### PROVIDED MATERIAL
■ ■ ■ ■
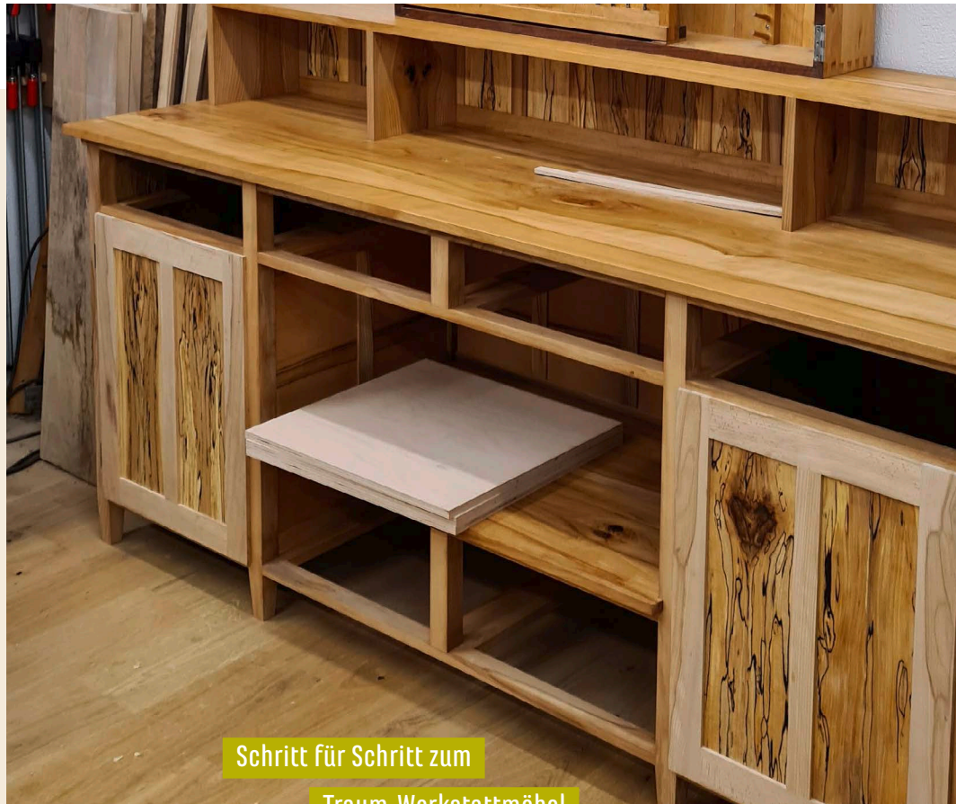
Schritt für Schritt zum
■ ■ ■ ■
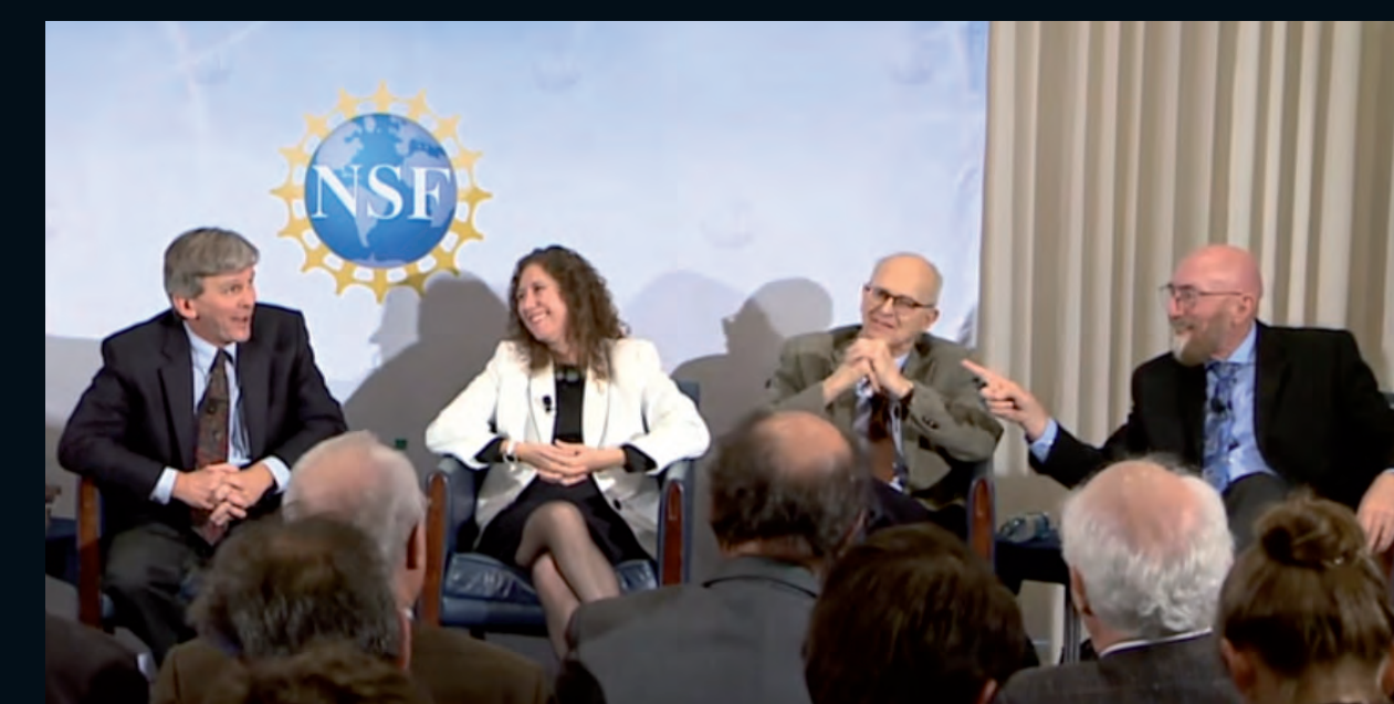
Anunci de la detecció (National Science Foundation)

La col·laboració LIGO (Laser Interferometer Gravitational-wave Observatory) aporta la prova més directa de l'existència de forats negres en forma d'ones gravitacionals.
■ ■ ■ ■
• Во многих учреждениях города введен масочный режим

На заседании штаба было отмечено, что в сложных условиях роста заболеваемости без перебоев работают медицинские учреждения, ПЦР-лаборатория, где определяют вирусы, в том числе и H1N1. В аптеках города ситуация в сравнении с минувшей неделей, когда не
■ ■ ■ ■
### EXERCISE
Every line containing the string "города" is required; copy each such line from the data.

### THE ANSWER
• Во многих учреждениях города введен масочный режим
На заседании штаба было отмечено, что в сложных условиях роста заболеваемости без перебоев работают медицинские учреждения, ПЦР-лаборатория, где определяют вирусы, в том числе и H1N1. В аптеках города ситуация в сравнении с минувшей неделей, когда не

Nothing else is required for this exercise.